> **Goal of the exercise**: Although the records contain pictures, none belong in the copy: restate word for word only the lines from the one with "- In a stand" through the one with "오브더모먼트는 강원도 강릉시", both included.

> **Dataset content**:
──────────

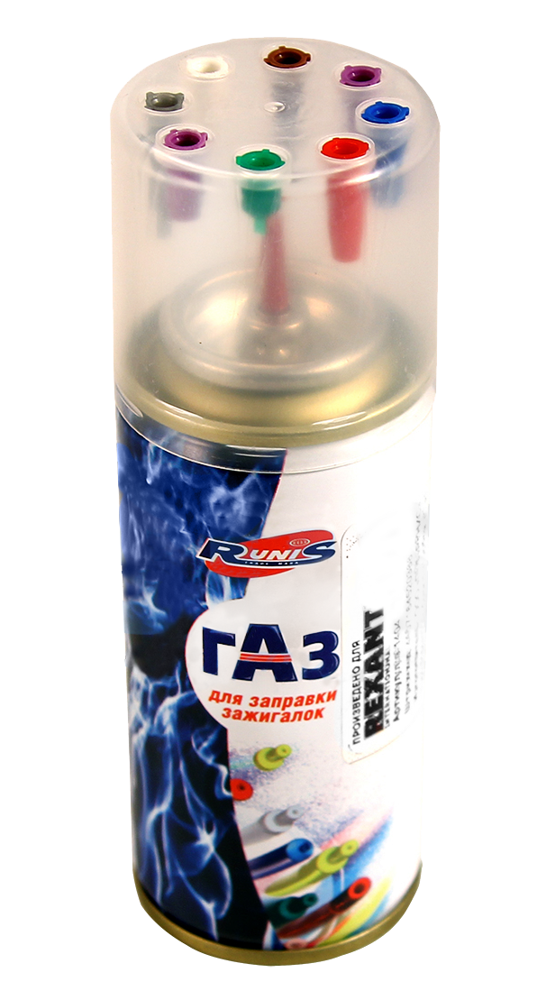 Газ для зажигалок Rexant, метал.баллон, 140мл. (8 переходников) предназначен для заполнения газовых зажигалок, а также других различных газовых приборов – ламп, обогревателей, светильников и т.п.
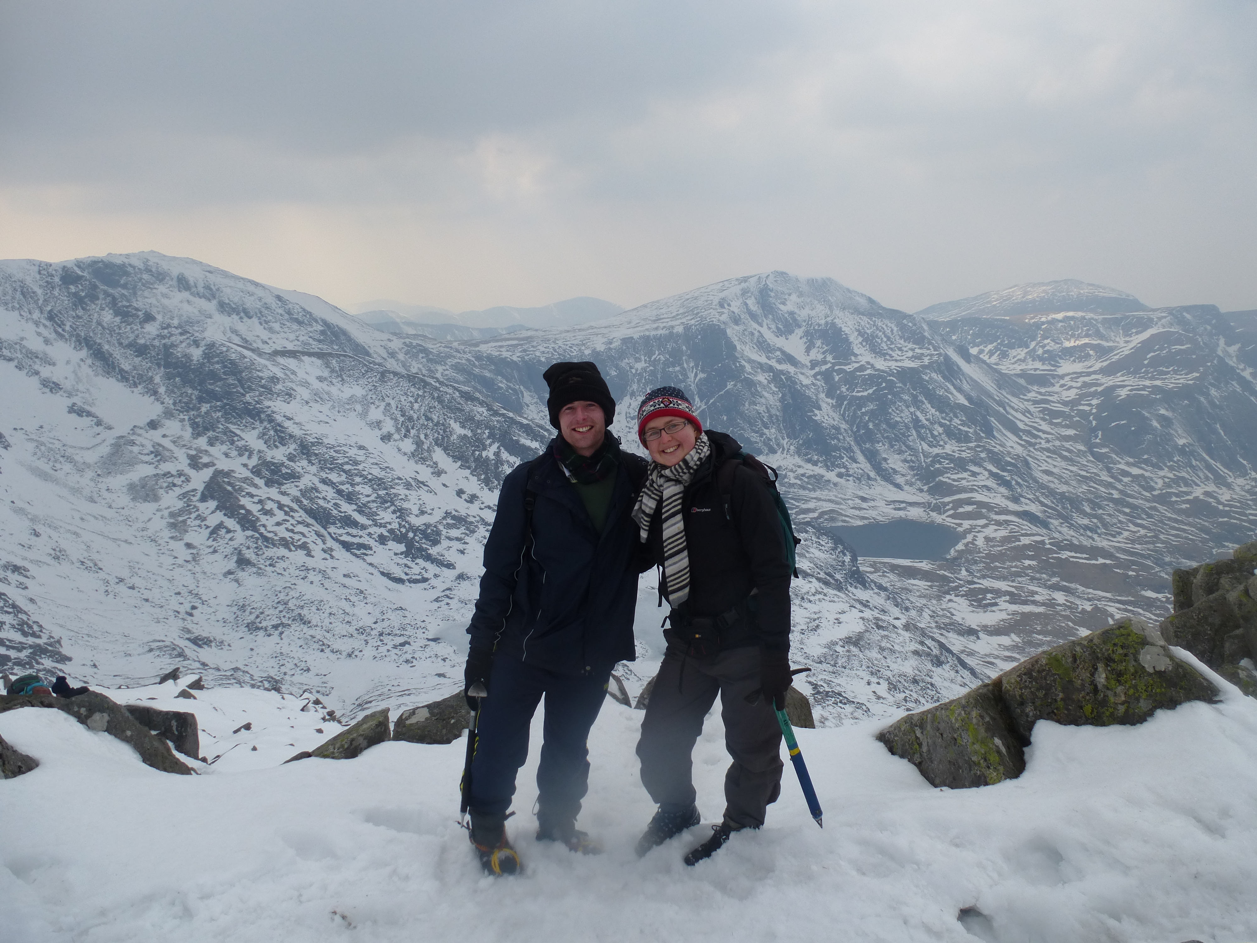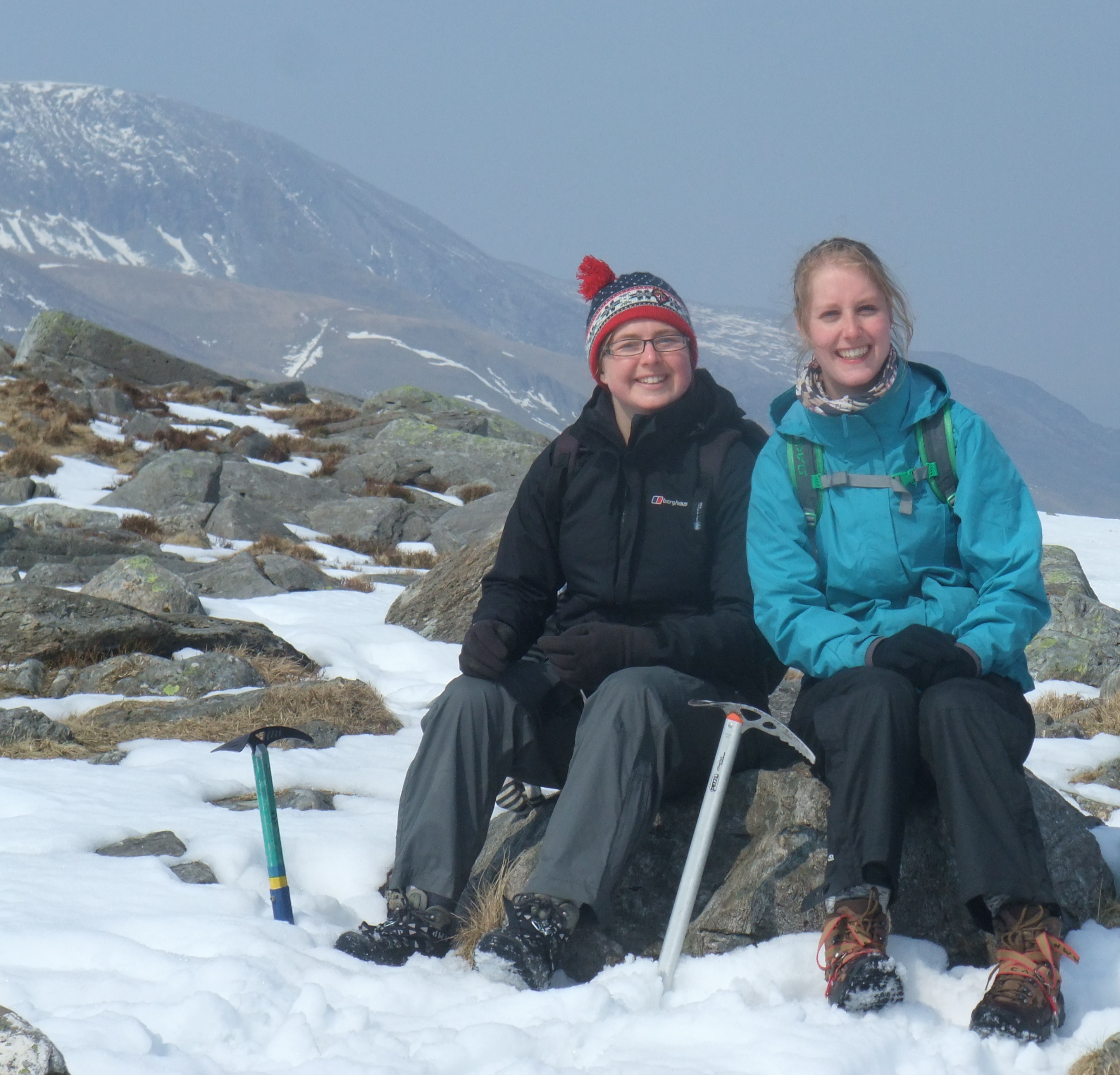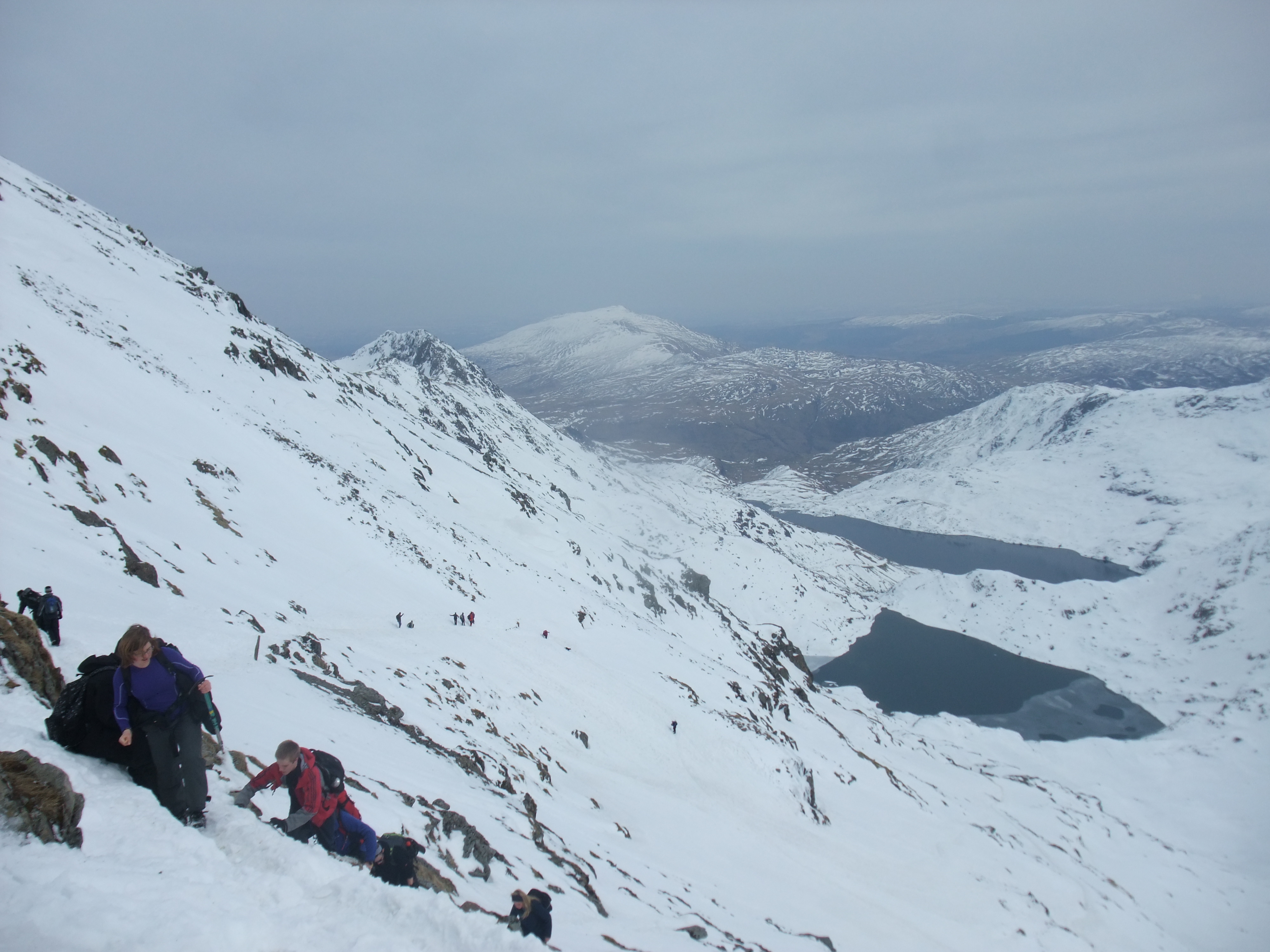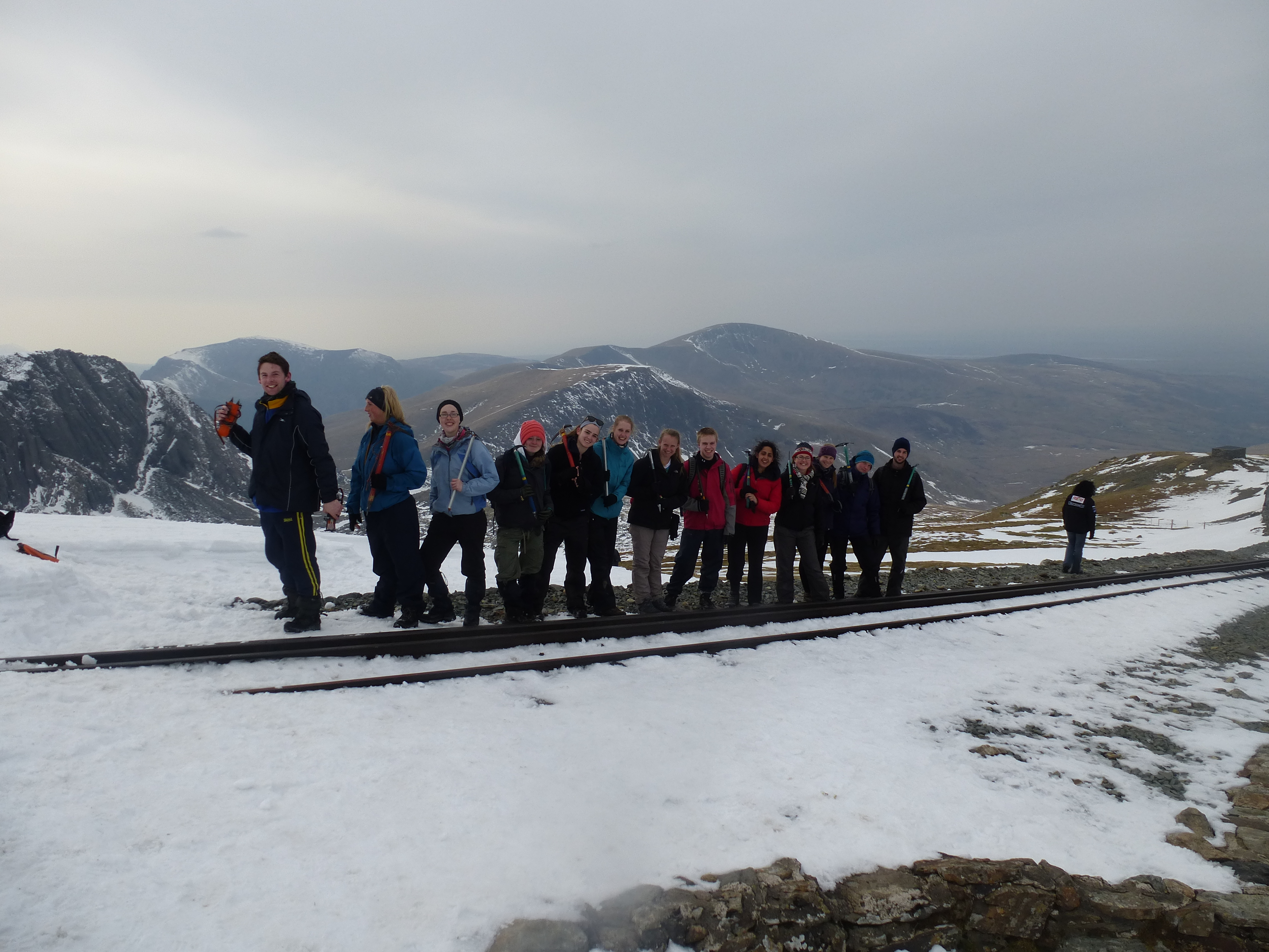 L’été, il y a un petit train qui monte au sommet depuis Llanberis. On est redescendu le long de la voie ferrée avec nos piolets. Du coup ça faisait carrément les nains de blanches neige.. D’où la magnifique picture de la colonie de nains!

──────────

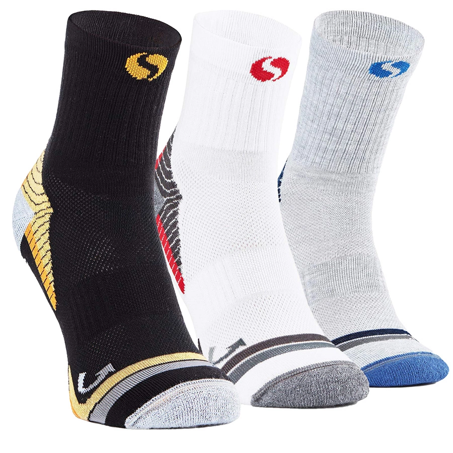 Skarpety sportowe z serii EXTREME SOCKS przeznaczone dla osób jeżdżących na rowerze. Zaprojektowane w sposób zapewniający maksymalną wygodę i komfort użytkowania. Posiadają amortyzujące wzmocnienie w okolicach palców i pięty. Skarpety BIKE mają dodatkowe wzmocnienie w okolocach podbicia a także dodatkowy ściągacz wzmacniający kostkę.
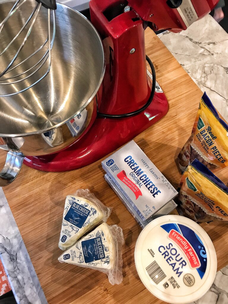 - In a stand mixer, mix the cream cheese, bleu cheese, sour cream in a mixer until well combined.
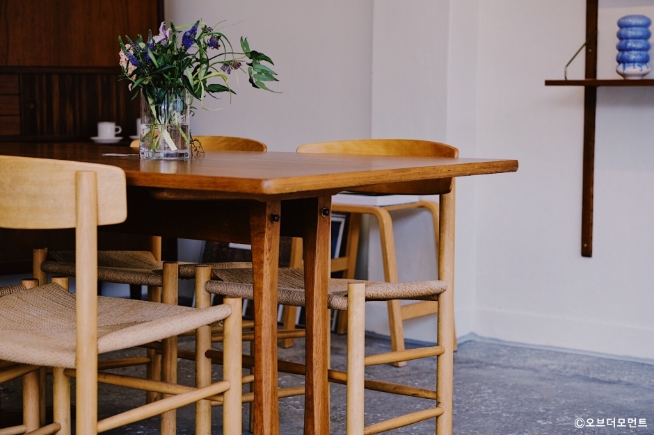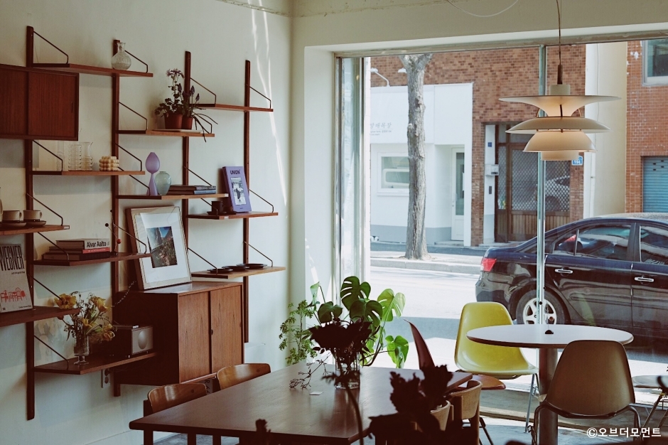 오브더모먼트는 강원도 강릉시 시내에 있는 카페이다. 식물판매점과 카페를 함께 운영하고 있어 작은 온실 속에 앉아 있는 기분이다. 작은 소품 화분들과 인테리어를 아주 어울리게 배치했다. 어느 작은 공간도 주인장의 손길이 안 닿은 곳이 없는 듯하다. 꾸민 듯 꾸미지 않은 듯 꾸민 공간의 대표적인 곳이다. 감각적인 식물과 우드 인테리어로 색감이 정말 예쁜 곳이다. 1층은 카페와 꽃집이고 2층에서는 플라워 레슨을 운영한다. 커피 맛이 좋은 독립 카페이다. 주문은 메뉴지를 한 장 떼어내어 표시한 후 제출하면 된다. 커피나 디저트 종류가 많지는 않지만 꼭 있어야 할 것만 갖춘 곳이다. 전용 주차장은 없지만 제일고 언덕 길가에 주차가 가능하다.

──────────

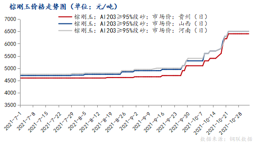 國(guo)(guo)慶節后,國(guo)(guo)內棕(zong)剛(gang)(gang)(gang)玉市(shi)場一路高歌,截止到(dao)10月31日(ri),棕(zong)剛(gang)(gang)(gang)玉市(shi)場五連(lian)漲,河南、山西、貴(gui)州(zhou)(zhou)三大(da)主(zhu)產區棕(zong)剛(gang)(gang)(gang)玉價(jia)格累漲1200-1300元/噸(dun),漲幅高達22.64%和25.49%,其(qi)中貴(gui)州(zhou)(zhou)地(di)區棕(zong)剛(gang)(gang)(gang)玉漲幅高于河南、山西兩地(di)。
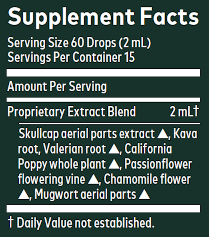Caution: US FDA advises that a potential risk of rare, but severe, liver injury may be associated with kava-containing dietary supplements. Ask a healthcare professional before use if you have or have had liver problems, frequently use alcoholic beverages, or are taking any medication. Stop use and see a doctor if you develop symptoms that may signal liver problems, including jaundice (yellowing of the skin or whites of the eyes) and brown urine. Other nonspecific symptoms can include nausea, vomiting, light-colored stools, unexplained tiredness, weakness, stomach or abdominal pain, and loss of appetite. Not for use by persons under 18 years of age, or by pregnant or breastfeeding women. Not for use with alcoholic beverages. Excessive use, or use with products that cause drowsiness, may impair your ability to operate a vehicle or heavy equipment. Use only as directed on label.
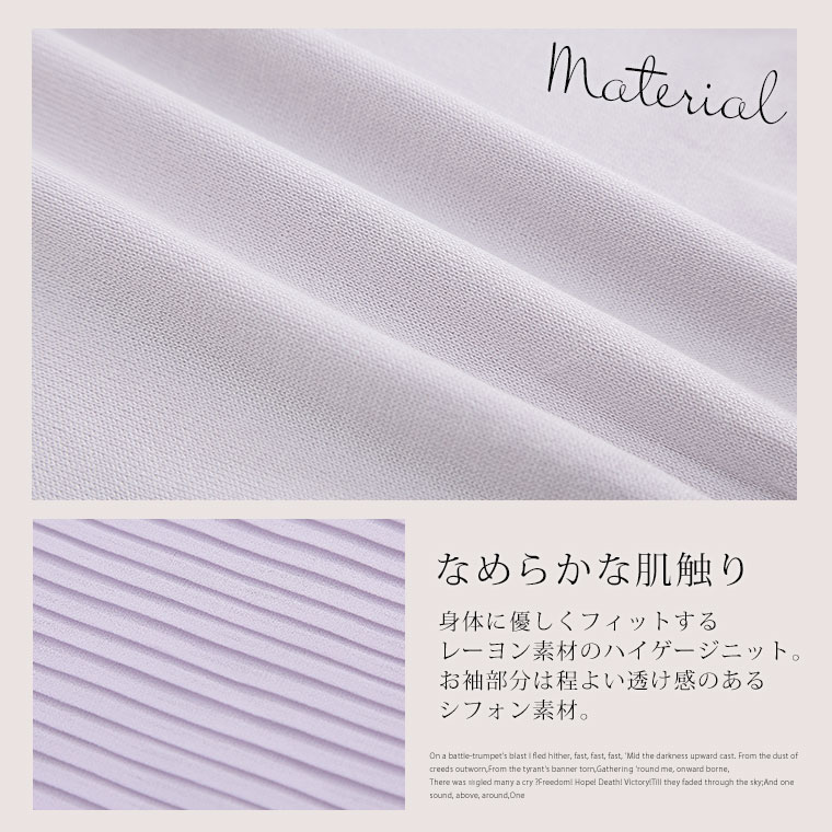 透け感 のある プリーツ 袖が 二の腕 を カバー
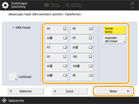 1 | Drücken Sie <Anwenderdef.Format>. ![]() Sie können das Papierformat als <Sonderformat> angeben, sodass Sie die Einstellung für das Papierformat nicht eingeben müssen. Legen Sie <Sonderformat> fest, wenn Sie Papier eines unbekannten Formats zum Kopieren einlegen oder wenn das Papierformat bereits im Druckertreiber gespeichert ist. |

──────────

> **Answer to the problem**:
 - In a stand mixer, mix the cream cheese, bleu cheese, sour cream in a mixer until well combined.
 오브더모먼트는 강원도 강릉시 시내에 있는 카페이다. 식물판매점과 카페를 함께 운영하고 있어 작은 온실 속에 앉아 있는 기분이다. 작은 소품 화분들과 인테리어를 아주 어울리게 배치했다. 어느 작은 공간도 주인장의 손길이 안 닿은 곳이 없는 듯하다. 꾸민 듯 꾸미지 않은 듯 꾸민 공간의 대표적인 곳이다. 감각적인 식물과 우드 인테리어로 색감이 정말 예쁜 곳이다. 1층은 카페와 꽃집이고 2층에서는 플라워 레슨을 운영한다. 커피 맛이 좋은 독립 카페이다. 주문은 메뉴지를 한 장 떼어내어 표시한 후 제출하면 된다. 커피나 디저트 종류가 많지는 않지만 꼭 있어야 할 것만 갖춘 곳이다. 전용 주차장은 없지만 제일고 언덕 길가에 주차가 가능하다.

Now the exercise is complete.